Modelling calcium transients in cardiac myocytes

Abstract

We develop a three-dimensional model of the calcium dynamics in a half-sarcomere of a cardiac myocyte. We use the model to investigate the cardiac calcium transient, and the effect of choices made during model construction on the simulated calcium dynamics. We first construct a compartmental model of the calcium dynamics in a non-excitable cell, to investigate the effect of including a model of a SERCA pump which acts as a calcium buffer. We also look at the issue of futile cycling across the membrane of the endoplasmic reticulum when the cell is at rest. We develop a technique of grid refinement which enables an alternating direction implicit algorithm to be solved over a domain which contains multiple levels of grid spacing, while conserving the quantity being modelled. This is useful when the solution changes rapidly in some regions of the domain, but not elsewhere, as in a cardiac cell half-sarcomere. We have only developed the grid-refinement technique in two-dimensions, and so it is not used in the three-dimensional model. The three-dimensional half-sarcomere model couples homogenised and non-homogenised schemes.
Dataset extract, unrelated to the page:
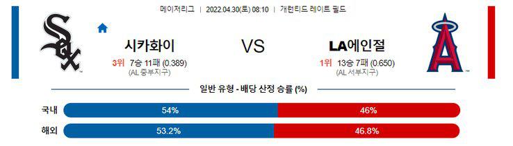 【MLB】 4월30일 화이트삭스 vs LA에인절스

Near the cell membrane the geometry of the sarcoplasmic reticulum (SR) is important, and we model it explicitly. Further from the membrane the SR forms a complex network. The geometry here is not well known, and complicated to model, so homogenisation is used to avoid explicitly modelling the structure. The model is again used to investigate the effect of including a buffering SERCA pump model. It is also used to investigate the effect of shifting the location of the sodium calcium exchangers, which is not well known, and to assess the accuracy of the assumption that there are not significant spatial calcium gradients in given compartments which is used when building compartmental models. We add dynamic models of the ryanodine receptors to the three-dimensional model and then investigate the effect of changing the position of the L-type calcium channels, and the effect of increasing the depth of the diadic cleft. We then reduce the three dimensional model into a compartmental model to determine how the loss of spatial information will impact the results.